而这一切的背后,真正的搜捕者,并非朝廷的官兵。
是影卫。
沈砚辞能感觉到。那股阴冷、粘稠、如同蛛网般无处不在的感知力,正在京城的每一个角落蔓延。影七虽然护着太子回宫疗伤,但"它"显然还有其他的爪牙。那些灰影,如同夜行的蝙蝠,在屋顶、在暗巷、在人群之中穿梭,搜寻着什么。
搜寻着他们。
"不能再待在城南了。"萧景玄站在慈幼局后院的一间柴房内,透过门缝看着外面的街道。远处,几道灰影正从屋顶掠过,速度极快,普通人根本看不见,但他的血脉金芒能感知到那股阴冷的波动。
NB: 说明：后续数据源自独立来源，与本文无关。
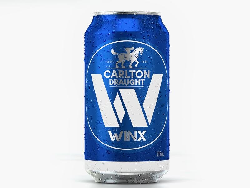 Emblazoned with a large white W in the same colour as Winx’s blue silks, the cans also feature her W S Cox Plate wins and a jockey riding the Carlton Draught Clydesdale.
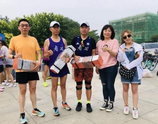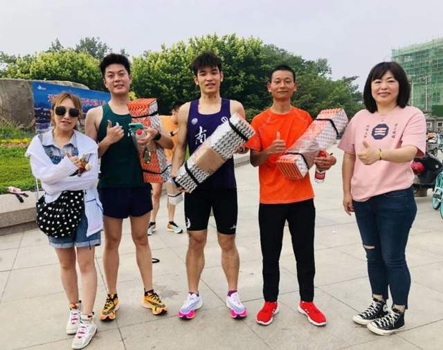 4月跑量前三甲:冠军邢强-00计算机网络、亚军刘昕-88级国外贸(左一)、季军刘超-18级MBA(右一)。奖品:专业运动袜。

沈砚辞坐在角落里,左臂上那层黑布已经重新缠好,但心镜玉眼上的丝线网络,正在缓慢地搏动着。他闭着眼,心神沉入其中,尝试着用新觉醒的"织补"能力,感知周围能量的"连接"。
"城东……有金缕玉衣残片的波动。"他忽然开口,声音低而清晰,"很微弱,但确实存在。应该是青黛姑姑留下的后手——她在城东也有据点。"
萧景玄转过头:"城东?那里是血翎的地盘。"
"所以反而安全。"沈砚辞睁开眼,"影卫的搜捕重心在城南和王府废墟一带,城东反而可能是盲区。而且……"
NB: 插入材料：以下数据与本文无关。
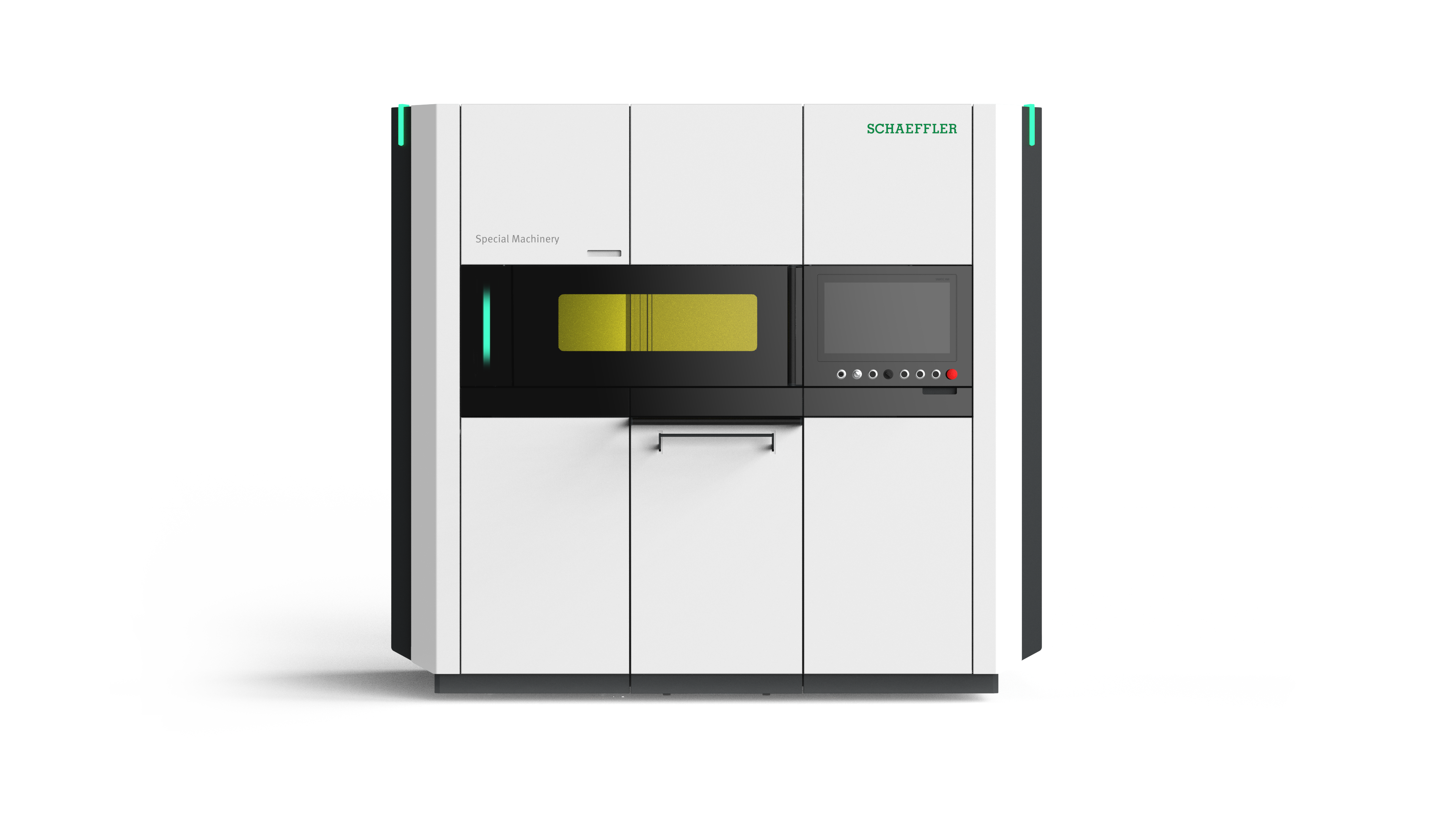 Für die Gestaltung der Anlage wurde die Formensprache bestehender Geräte des Unternehmens analysiert – darauf aufbauend wurde eine eigenständige, markante und skalierbare Formensprache entwickelt, die durch die Integration bestehender Gestaltungsmerkmale dennoch einen klaren Bezug zum bestehenden Produktportfolio von Schaeffler herstellt.

他顿了顿,左臂微微发热:"我能感觉到,那股波动中,有龙鳞的共鸣。青黛姑姑在给我们指路。"
萧景玄沉默片刻,点了点头:"好。天黑之后动身。"
夜幕降临,京城的大街小巷被宵禁的梆子声笼罩。
两人换上了从慈幼局几个孤儿那里讨来的破旧衣裳,脸上抹了煤灰,混在夜色中,如同两只不起眼的野猫,悄无声息地向城东移动。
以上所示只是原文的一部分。